• [Information supplied]:
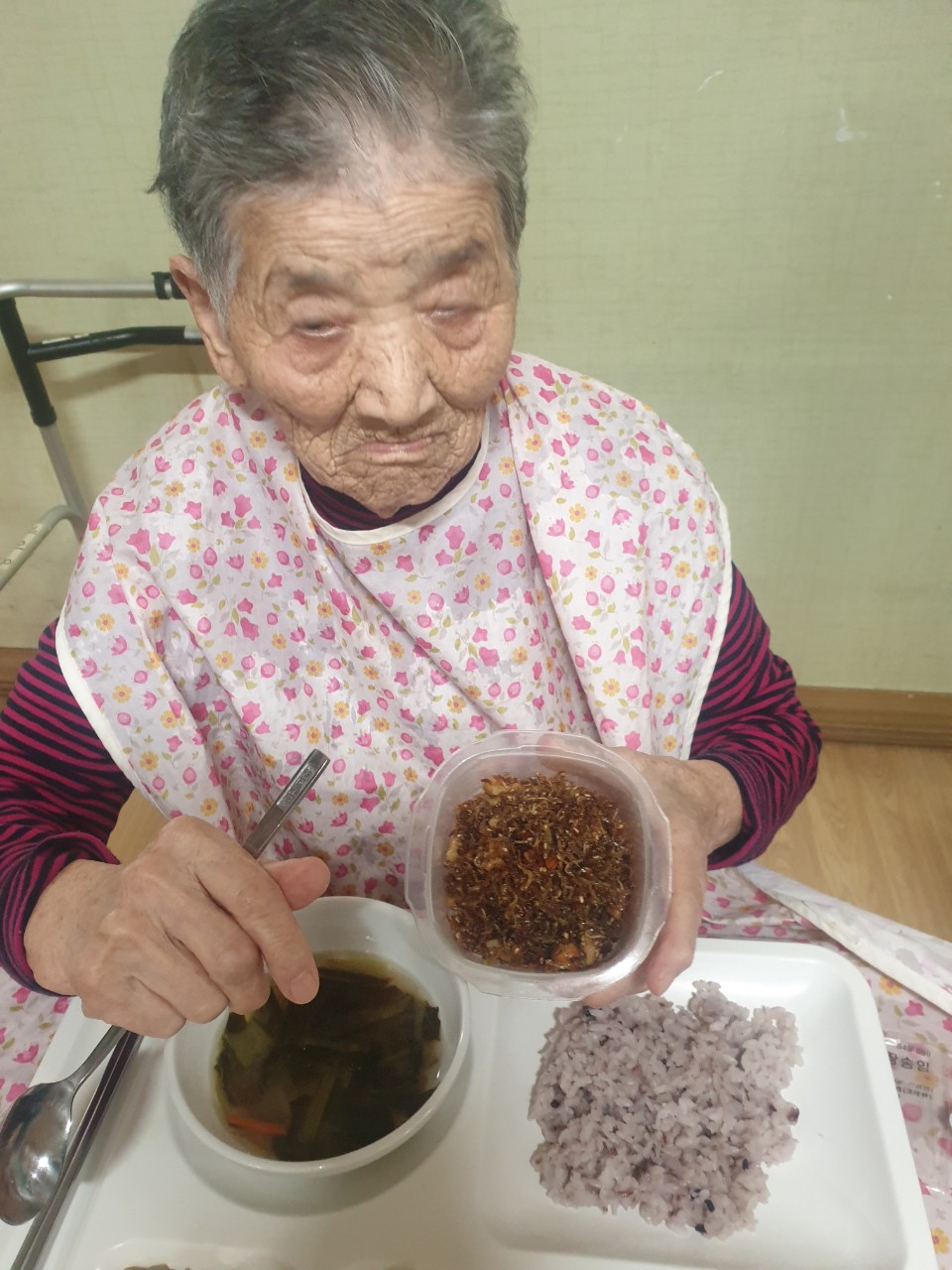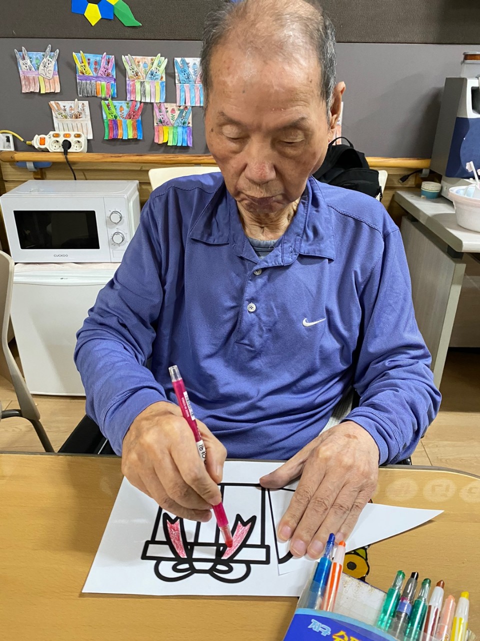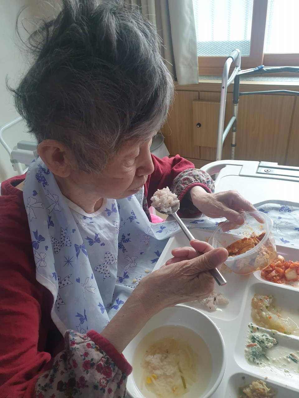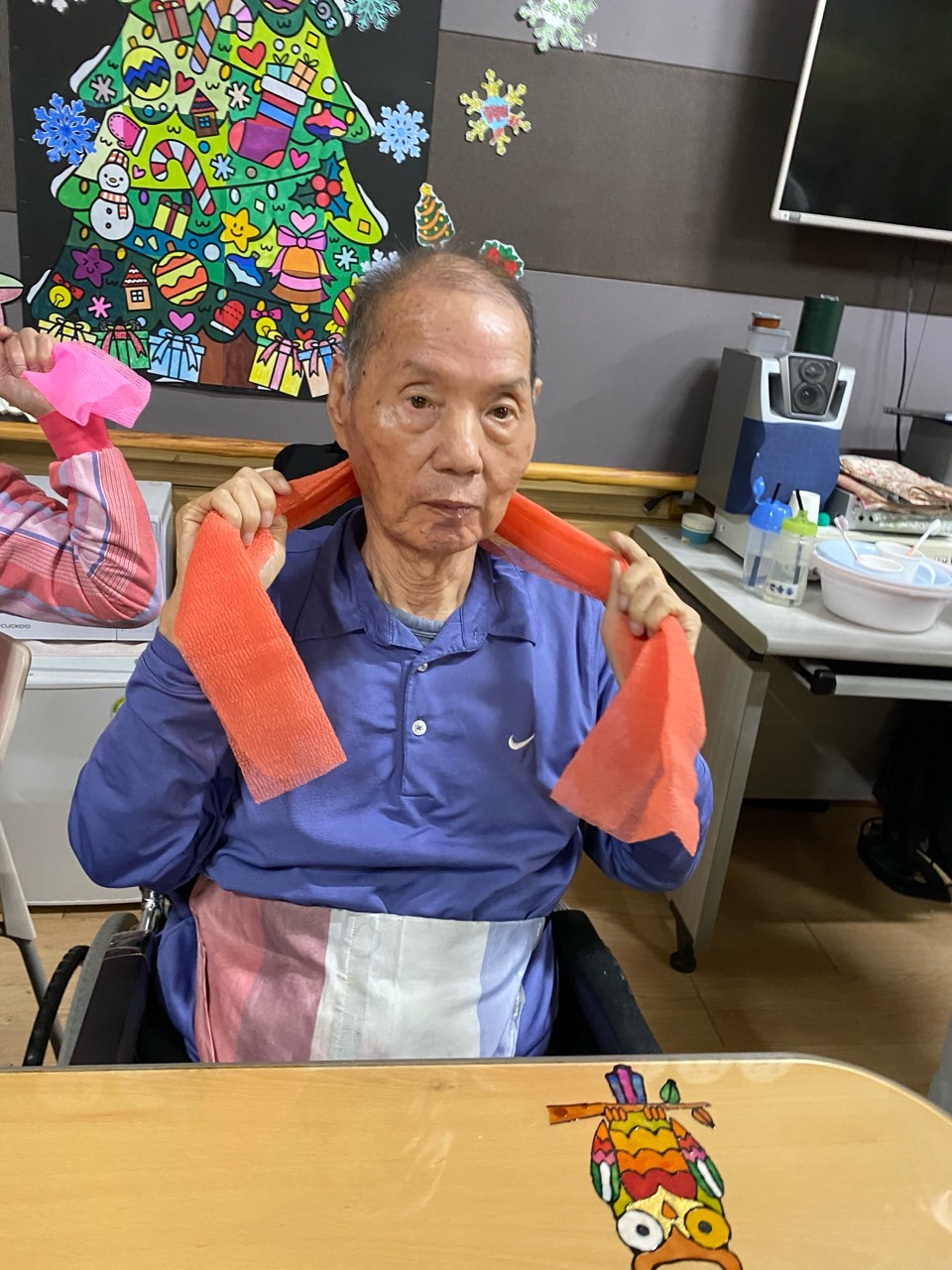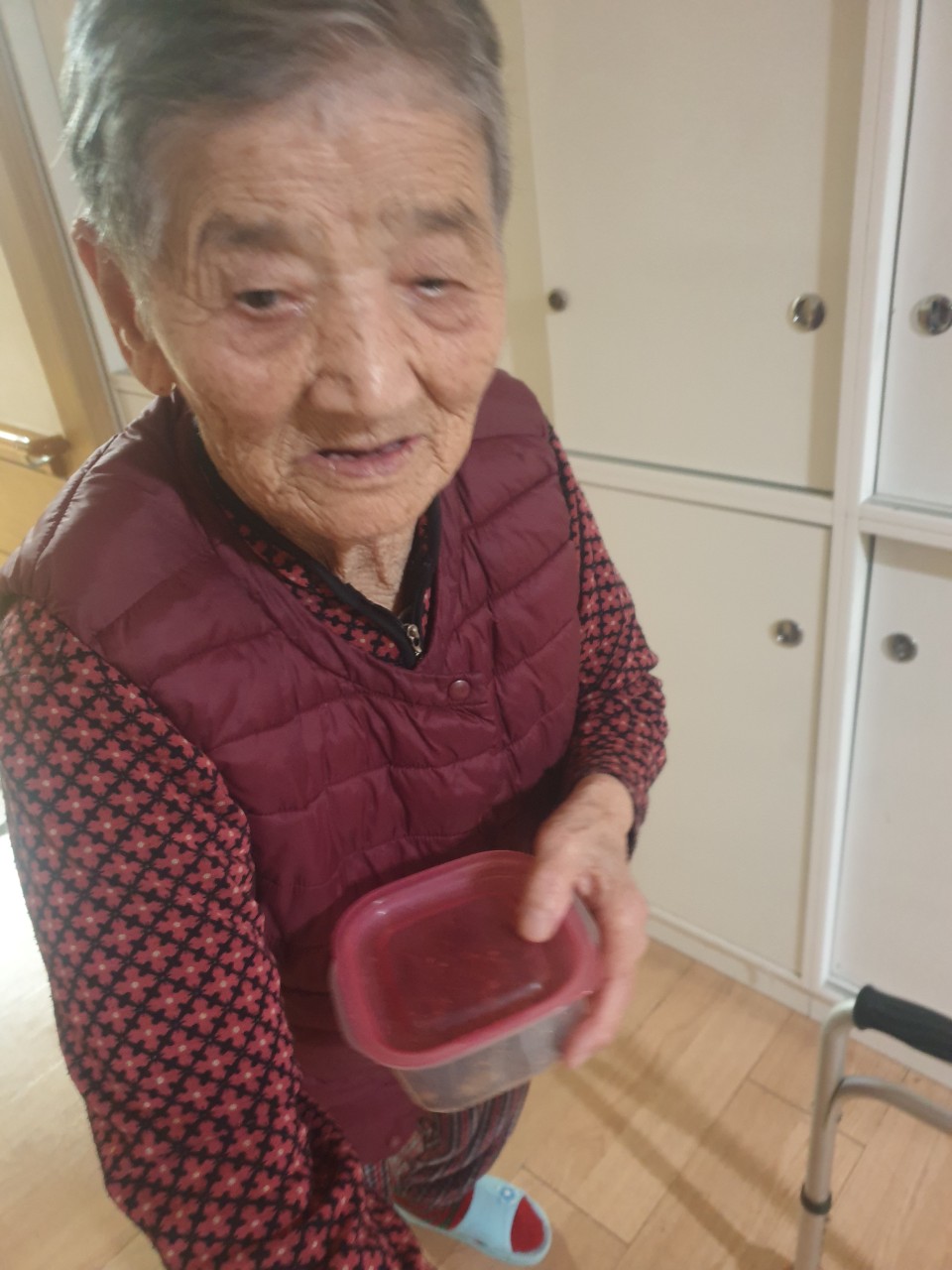 1. 어르신들의 얼굴을 물수건으로 닦아드린다.
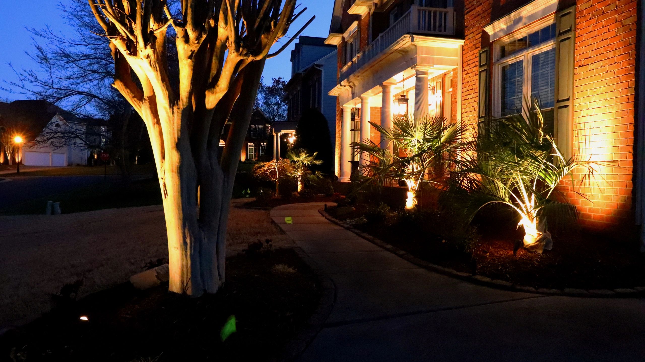 We design and install landscape lighting. We create a photo-realistic rendering so you can visualize the design. Our approach is to create dramatic visuals for the nighttime landscape. We take the “less is more" approach, as in the areas left dark are just as important as the illuminated areas.
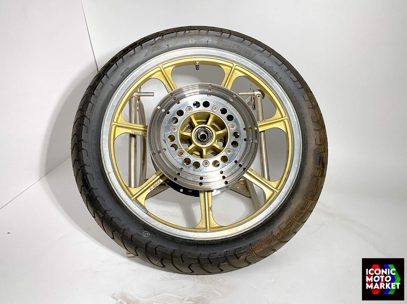 Kawasaki Genuine Parts: Front wheel, 19" x 1.85", gold color. Good condition, pre-owned. Brake disc rotors included, as shown/as-is. Further investigation of the unit reveals cosmetic blemishes from regular use. Due diligence should be performed by inspecting and/or replacing wear items such as bearings and brake components before use. Sold as shown, as-is. All sales final.

• [Exercise prompt]: Without the pictures, write out every line above exactly as it appears.

• [Result]:
 1. 어르신들의 얼굴을 물수건으로 닦아드린다.
 We design and install landscape lighting. We create a photo-realistic rendering so you can visualize the design. Our approach is to create dramatic visuals for the nighttime landscape. We take the “less is more" approach, as in the areas left dark are just as important as the illuminated areas.
 Kawasaki Genuine Parts: Front wheel, 19" x 1.85", gold color. Good condition, pre-owned. Brake disc rotors included, as shown/as-is. Further investigation of the unit reveals cosmetic blemishes from regular use. Due diligence should be performed by inspecting and/or replacing wear items such as bearings and brake components before use. Sold as shown, as-is. All sales final.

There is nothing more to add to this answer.